Per-angle — two sequential Agent calls:
Phase 0 (naive cold read). Agent receives ONLY the script path. No Bible, no rubric, no packages, no research. Prompt: "You are watching this video for the first time. Answer the five cold-reader questions from shorts_script_judge_rubric.md Phase 0. Do not read any other file." Save the 300–400 word report to /tmp/<slug>_<angle>_naive_read.md.

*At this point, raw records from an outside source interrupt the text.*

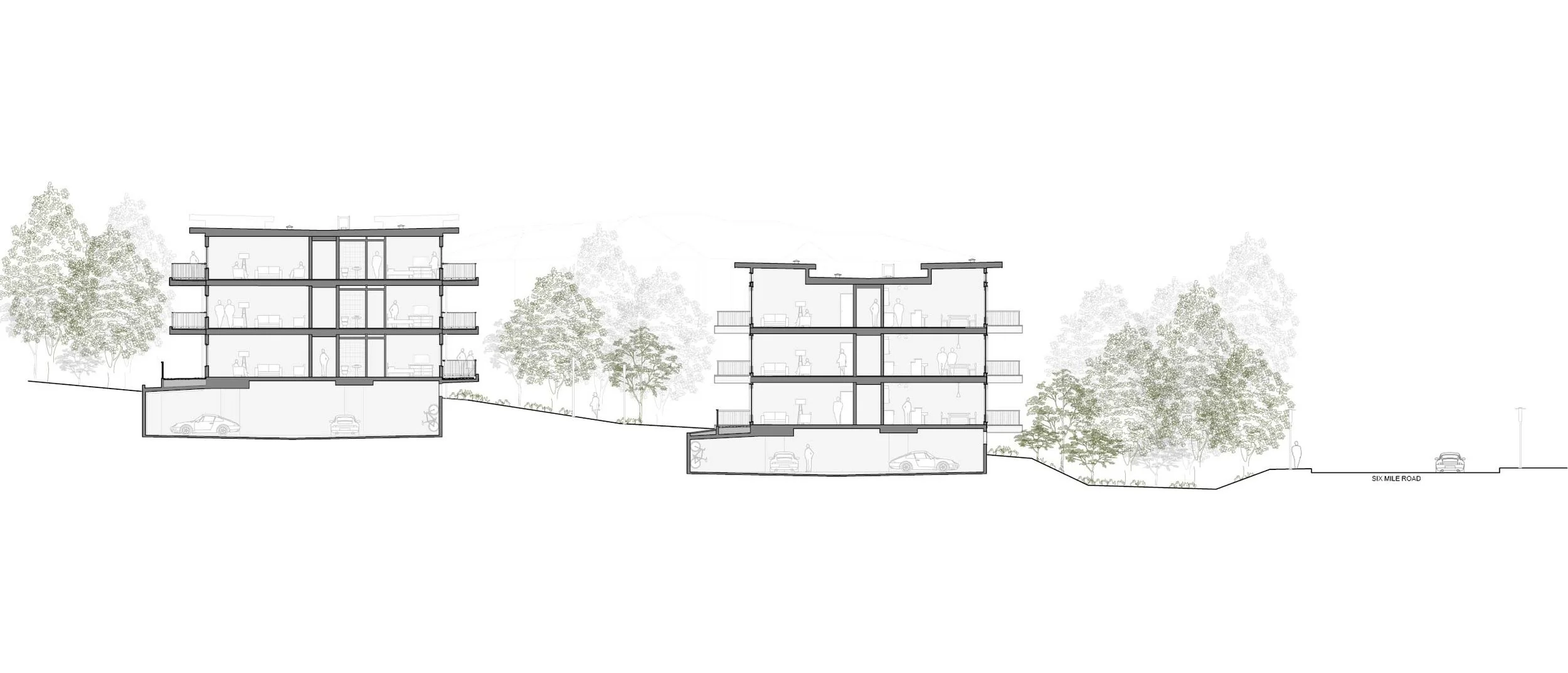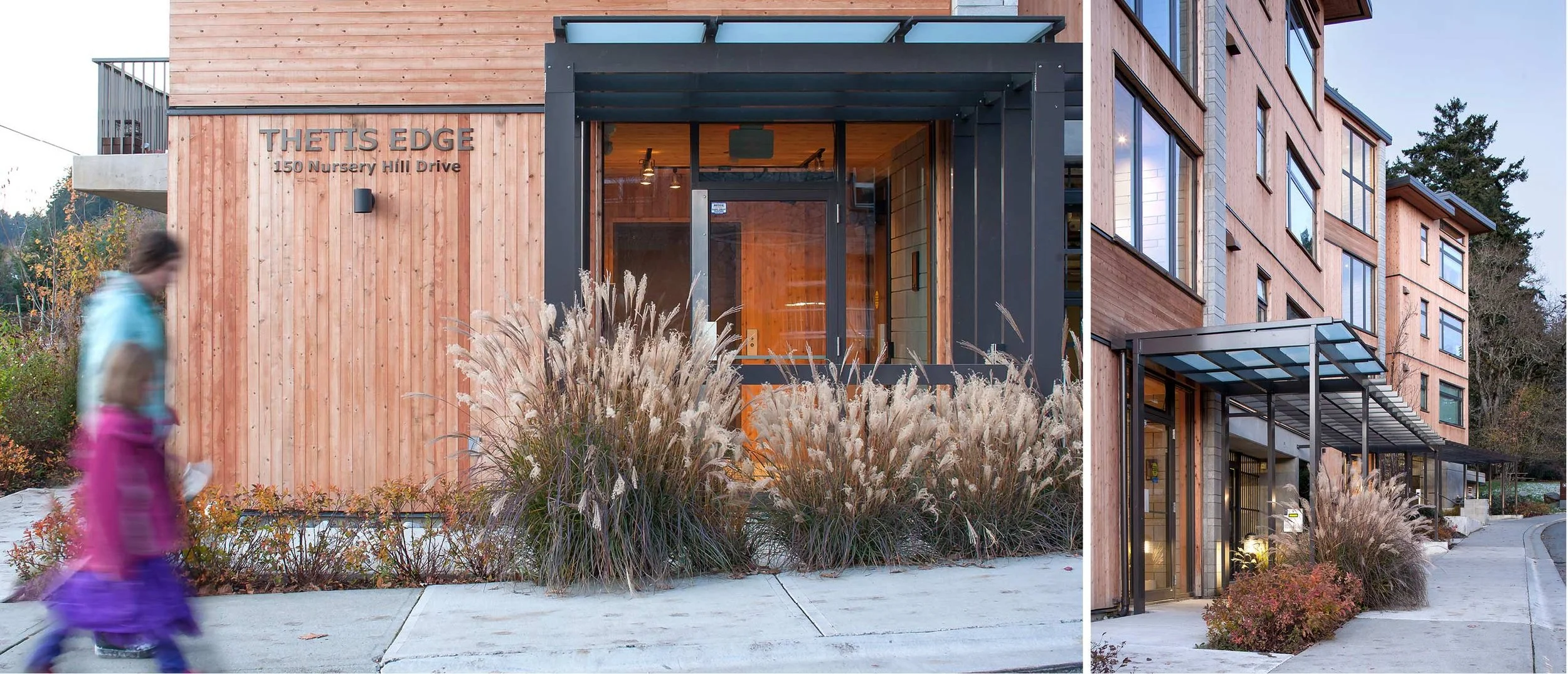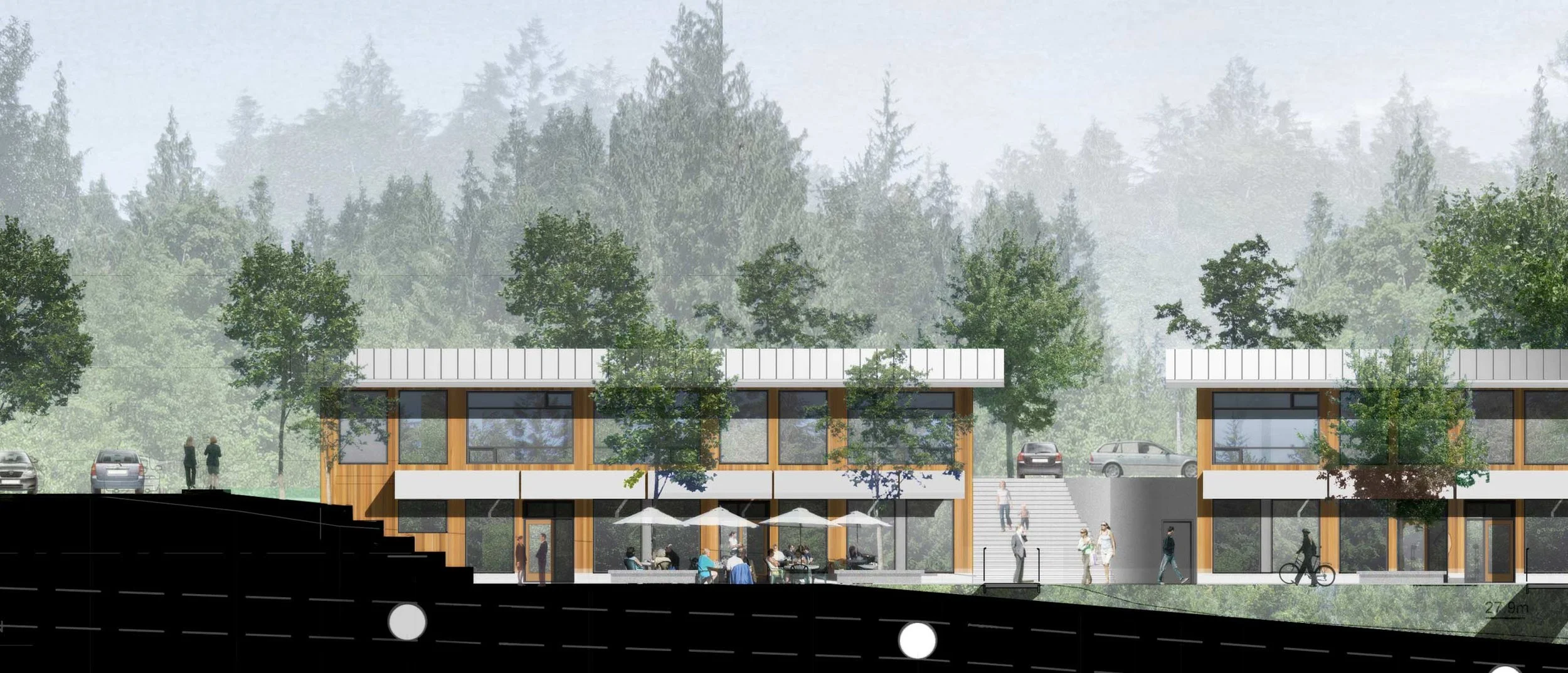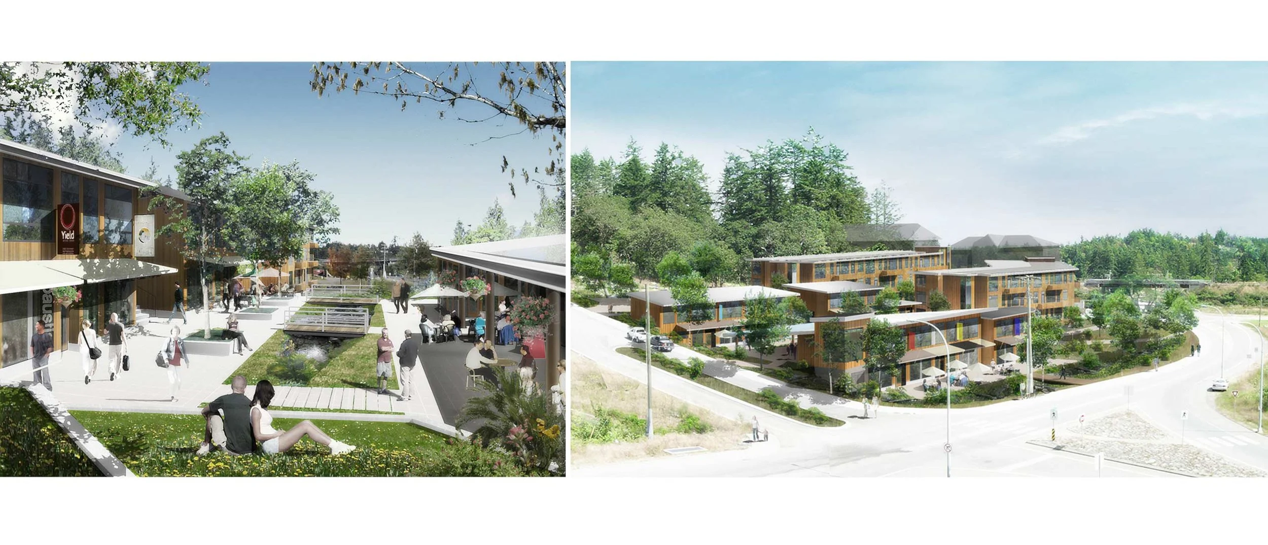 This project includes both multi-residential buildings and commercial space, arranged on either side of a terraced and richly landscaped courtyard. The courtyard serves to join the surrounding streets and sidewalks with the pedestrian network of the adjacent park and the Galloping Goose regional trail. Paths and small bridges over a bioswale connect the courtyard and shops to Six Mile Road. This functional storm-water management landscape feature forms the edge of the project along the length of the Six Mile Road frontage.
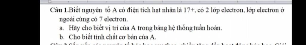 + Nguyên tố $A$ có điện tích hạt nhân là $17^+$
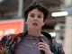 Tourists visiting the Derry Girls mural give their opinion on a recently installed awning on the wall.
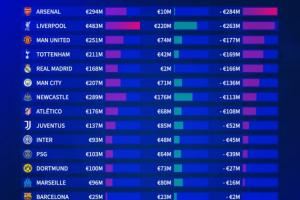 2025大俱乐部夏窗净投入排行(欧)
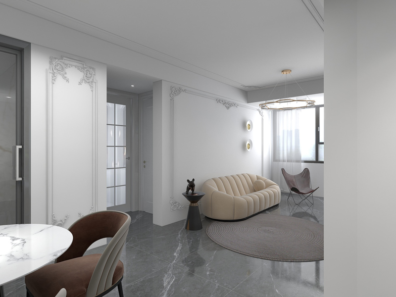 本案例风格定位于简约风,采用恰当简洁的设计,即使是有限的面积也能呈现出通透理想的空间效果。
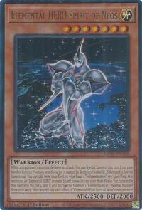 Description: When an opponent's monster declares an attack: You can Special Summon this card from your hand in Defense Position, and if you do, it cannot be destroyed by battle. If this card is Special Summoned: You can add from your Deck to your hand 1 "Polymerization" or 1 Spell/Trap that mentions an "Elemental HERO" monster's card name. During your Main Phase: You can shuffle this card into the Deck, and if you do, Special Summon 1 "Elemental HERO" Normal Monster from your Deck. You can only use each effect of "Elemental HERO Spirit of Neos" once per turn.
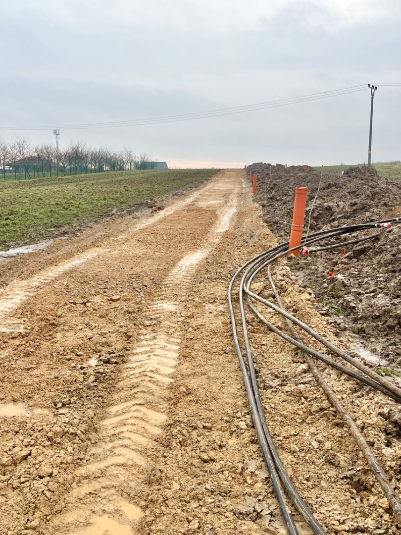 Realizácia rozšírenia elektra ako aj prvej etapy cesty je už vo výstavbe od decembra 2025. Podieľajú sa na nej všetci majitelia pozemku rovným dielom 1/6.
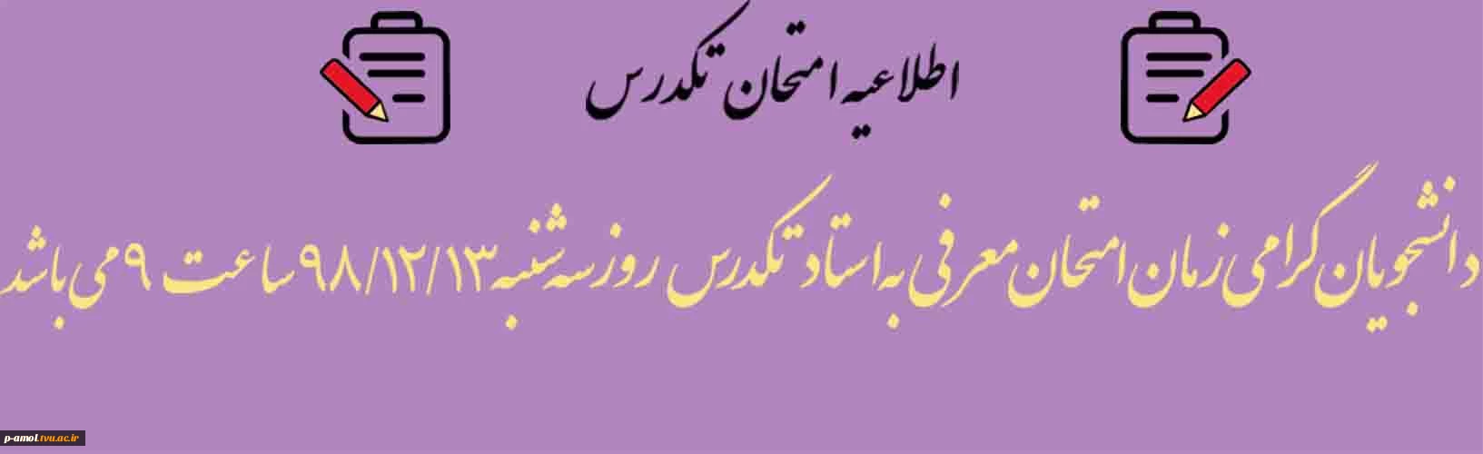 زمان امتحان تکدرس 2
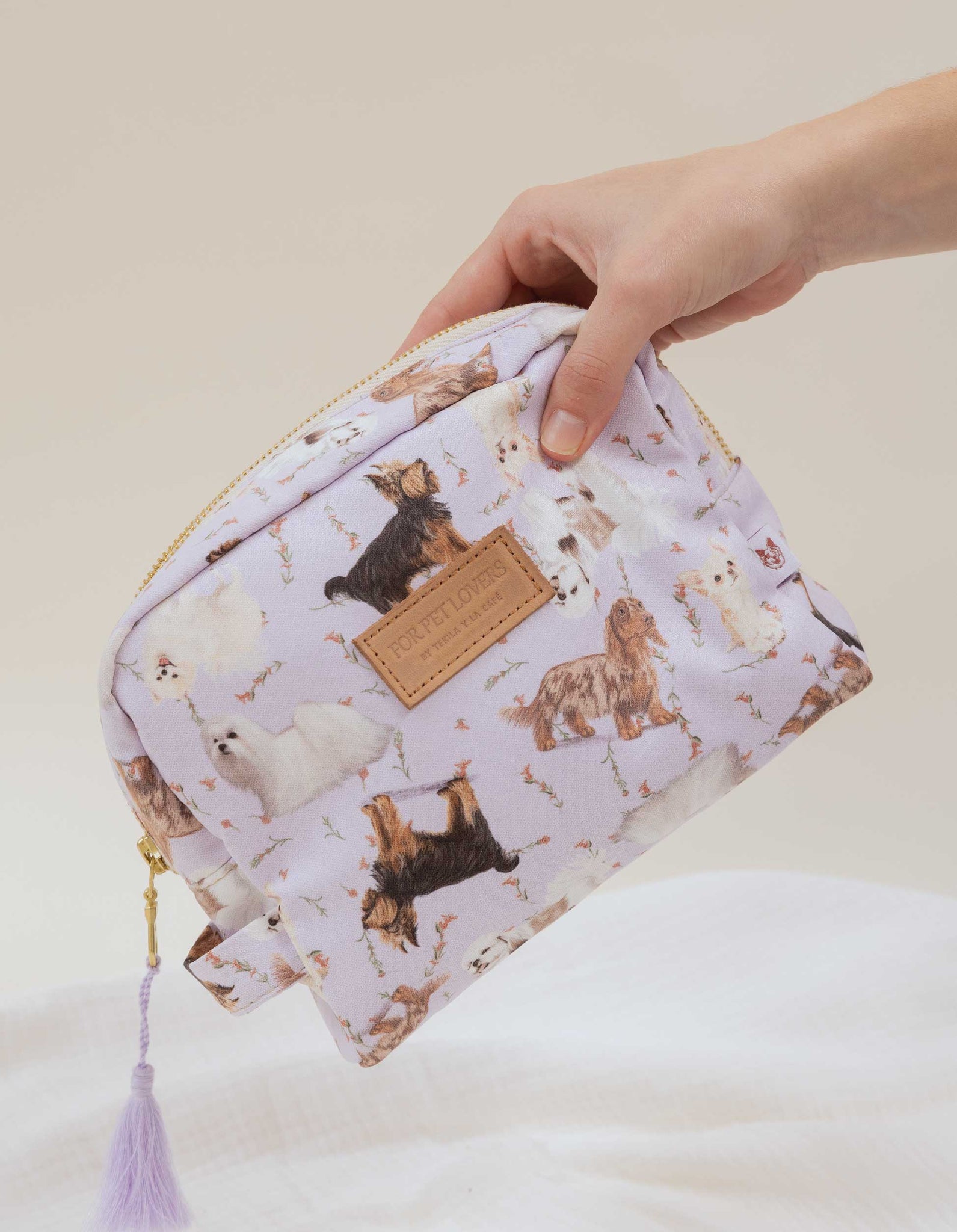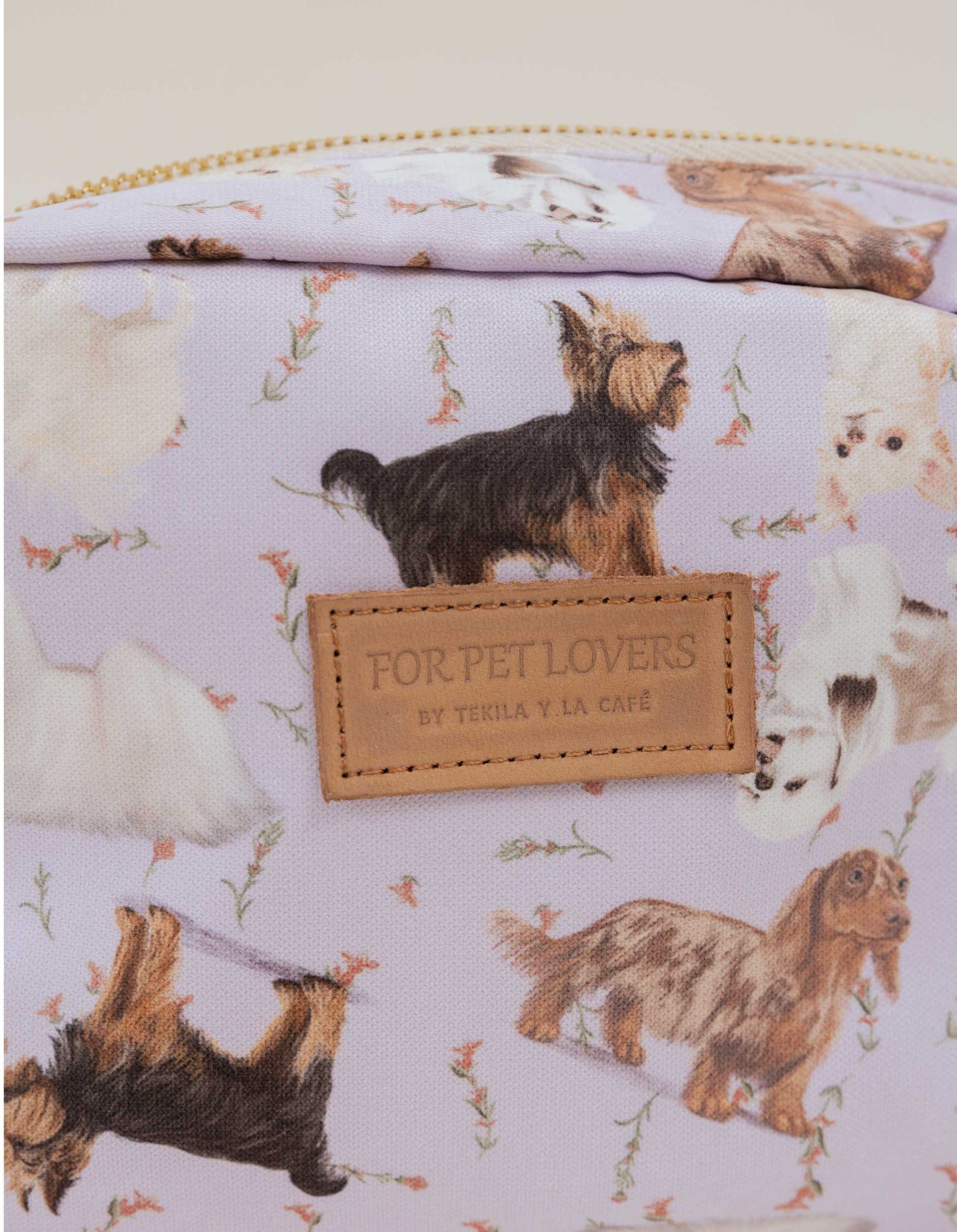 Cosmetiquera estampada, con forro interno en tela anti fluidos, cremallera dorada y borla decorativa. Detalle contramarcado en cuero 100%. Este producto está ilustrado a mano con diferentes razas como: Yorkie, Shih Tzu, Pomerania, Maltés, Salchicha, Chihuahua. ¡Busca tu peludito!
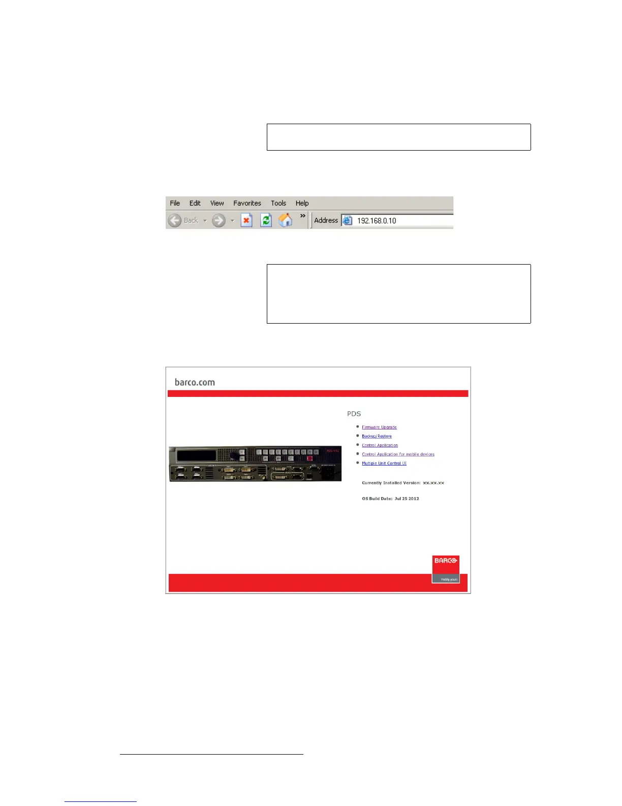 7. In the browser’s address bar, enter the PDS’s IP address.

Phase A+B (rubric grading). Separate Agent. Receives: Bible, rubric, script, Phase 0 report, angle's packages.md entry. Images/video not rendered yet — the Phase 0 report is load-bearing evidence for Gate 10 and hook-vs-body coherence in Phase B. Visual gates (1, 6, 7, 8, 9) get checked "pending render"; Stage 6 re-verifies them.
Decision:
No user checkpoint — the judge is authoritative on coherence. Only escalate on <5/10 (multiple fails) or if the rewrite loop doesn't converge in two iterations.
ve-audio <slug> --format short --angle A
Reads shorts/A/script.md, writes shorts/A/audio.mp3 + shorts/A/audio_timings.json. Uses ElevenLabs by default (voice from script frontmatter or pipeline/config.toml).
ve-images <slug> --format short --angle A
Outputs into shorts/A/images/. Style preset stays the same as the rest of the channel (typically editorial_illustration).
The in-video first frame does scroll-stop in-feed. Covers do profile-grid + Search + browse. Different jobs, different images.
# Reels profile grid (3:4 tall, since Jan 2025)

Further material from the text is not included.